# my car at 50%



## codom2000 (Aug 20, 2004)

MY baby is sittindg at 50% to where I want it to be I just place the eurobuni kit on and the maglites 17 other minor mods but to lasy to list major mods next will be headlights, teins, exhaust, and finally turbo which will be sometime in 2006. first time posting pics i hop it work.
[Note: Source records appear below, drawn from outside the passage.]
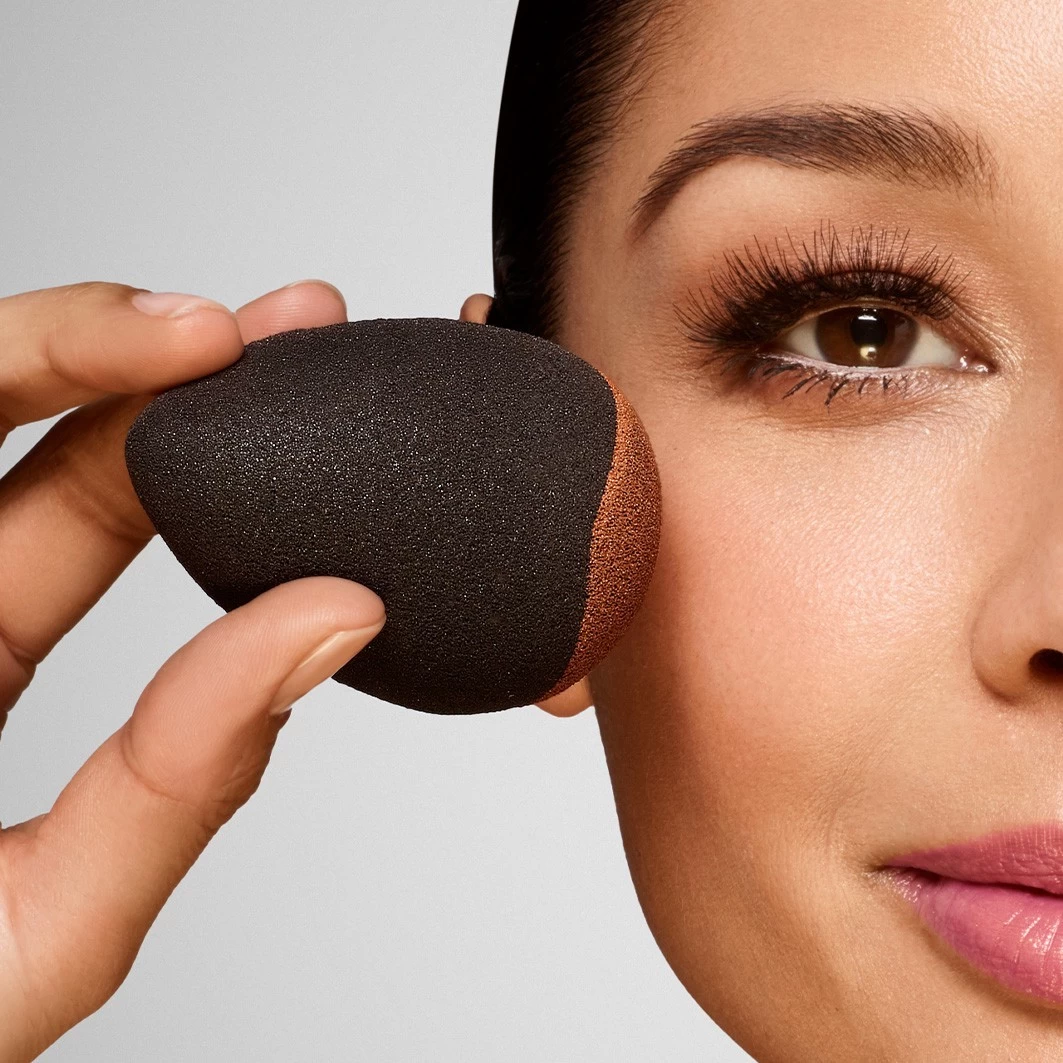 De eivormige spons vormt zich perfect naar de contouren van uw gezicht. Door de smallere bovenkant is het makkelijk om moeilijk bereikbare plekken te bereiken zoals de neus en de ogen. De bredere kant kan worden gebruikt voor grotere oppervlakken zoals het voorhoofd en de wangen.
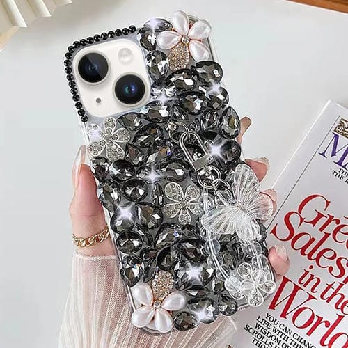 Funda para Teléfono iPhone 13 con Incrustaciones de Diamantes y Mariposas Hecha a Mano (Negro)
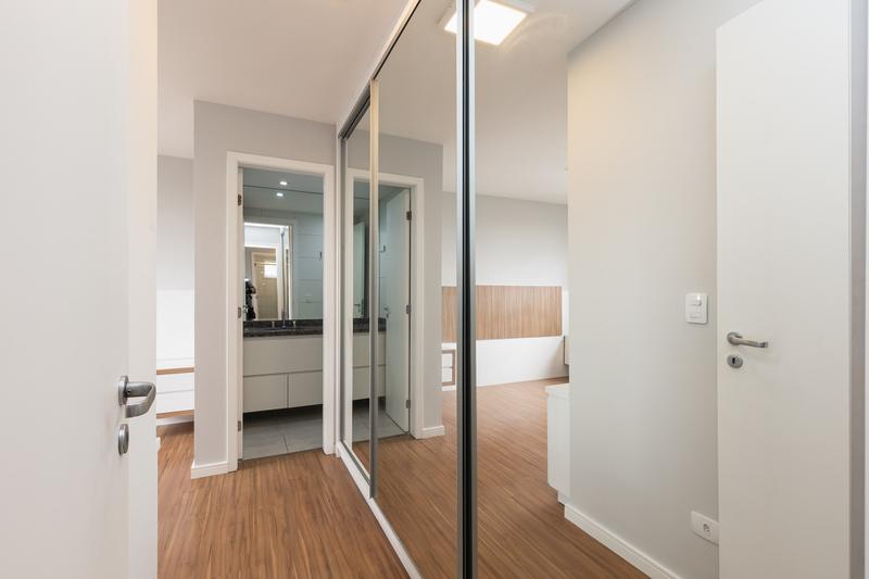 Quarto suíte com armários planejados, proporcionando conforto e privacidade.
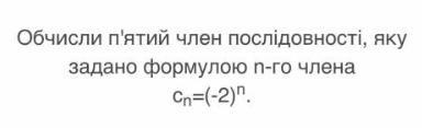 Перевод: Вычисли пятый член последовательности, которую задано формулой n-го члена .
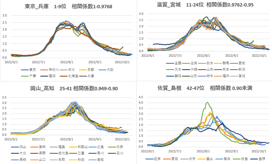 特長は、東京との相関が強い地域では7月後半から8月休暇前に感染が増加しているのに対し、相関が悪くなるにしたがい休暇後の感染確認者が増加していることである。
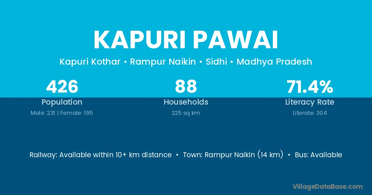 Kapuri Pawai village has a total population of 426 people, of which 231 are males and 195 are females.
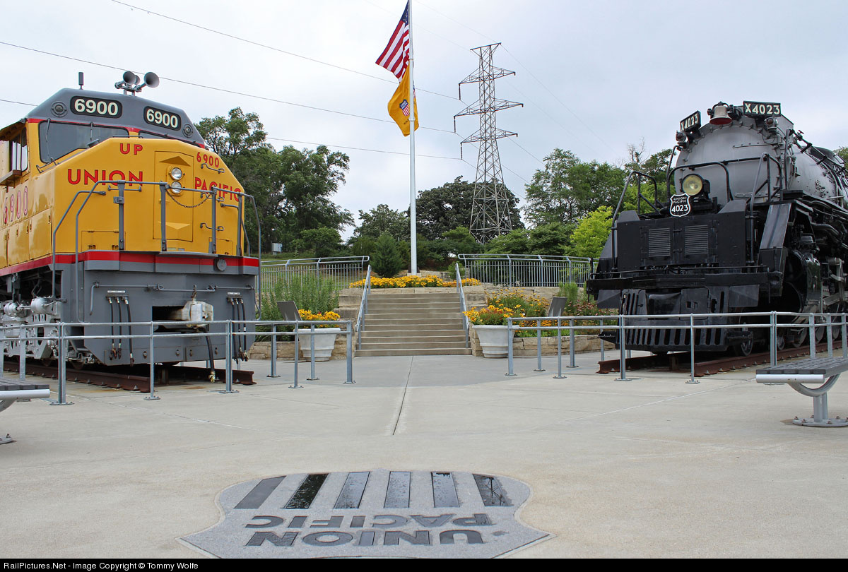 | I wanted to get the UP 6900 (DDA40X on left of photo), the UP 4023 (4-8-8-4 Big Boy Steam Locomotive), the American Flag and UP flag on the flag pole in the middle and the Union Pacific Logo in the foreground all in one shot. This Shot took me 10 minutes to get right with the framing and exposures and all that stuff to make this shot as successful as it was. |
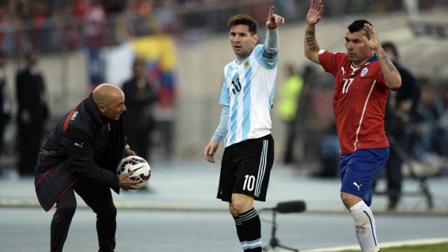 Jorge Sampaoli y Leo Messi, durante un Argentina-Chile en una imagen de archivo
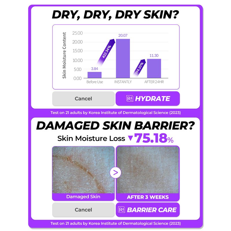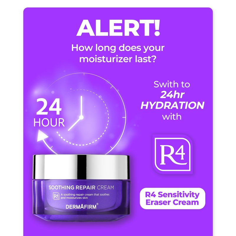 - 24-HOUR DEEP SKIN HYDRATION. DERMAFIRM Soothing Repair Moisturizer Face Cream R4 is a hydration elixir, powered by the natural goodness of plant exosomes derived from Eucalyptus and Perilla Leaf. Experience deep moisturization for an entire day, as it strengthens your skin barrier, effectively combating moisture loss.
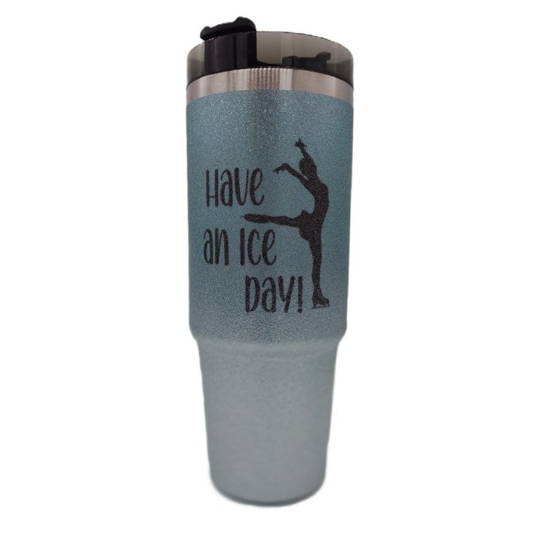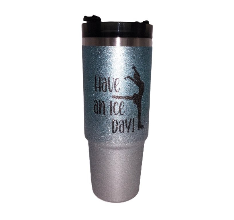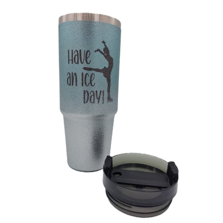 Die glitzernde Pulverbeschichtung zeigt einen Verlauf von silber zu blau. Aufgedruckt wurde eine Eisläuferin und der Text "have an ice day!" in schwarz.

I resize pics and added more.


----------



## johnse-r (Oct 26, 2004)

looks good :thumbup:


----------



## jlee1469 (Dec 4, 2003)

car looks HOT! makes me wanna complete my gtr kit... other than the headlights and a drop (which i know you're working on) its sooo clean!


----------



## Avshi750 (Jan 13, 2003)

looks real nice... i think, my screen is too small or your pic is REALLY too big to see the whole thing at one time.


----------



## Nismo1997 (Dec 26, 2003)

Very nice, get some more pictures up! :thumbup:


----------



## codom2000 (Aug 20, 2004)

*thanks for support*

Like I said before I will be doing minor upgrades through out the year but major upgrades are in sequence
1.Headlights setup (HID)----End of Dec 04 "may get push back "money issues"
2.Act clutch--end of April 05
2.Exhaust----end of July 05
3.Teins---end of Nov 05
4.HotShot Turbo----who's knows I'll say sometime 2006

**minor upgrades will get posted through out time**
Upgrades already have:
urothodox pulley, hotshot header, nology wires, and other stuff i don't rememember right now.... :crazy: to much :cheers: right now


----------



## jlee1469 (Dec 4, 2003)

may i ask where you purchased the kit? i want to get the sides and back over winter... also did you only paint the kit or the entire car? how much was it? thanks !


----------



## Zac (Mar 10, 2004)

nice car, nice kit, nice wheels and red rulez


----------



## mzanubis (Feb 19, 2003)

sweet!


----------



## sno (Oct 4, 2002)

very clean. i love the look.


----------



## codom2000 (Aug 20, 2004)

jlee1469 said:


> may i ask where you purchased the kit? i want to get the sides and back over winter... also did you only paint the kit or the entire car? how much was it? thanks !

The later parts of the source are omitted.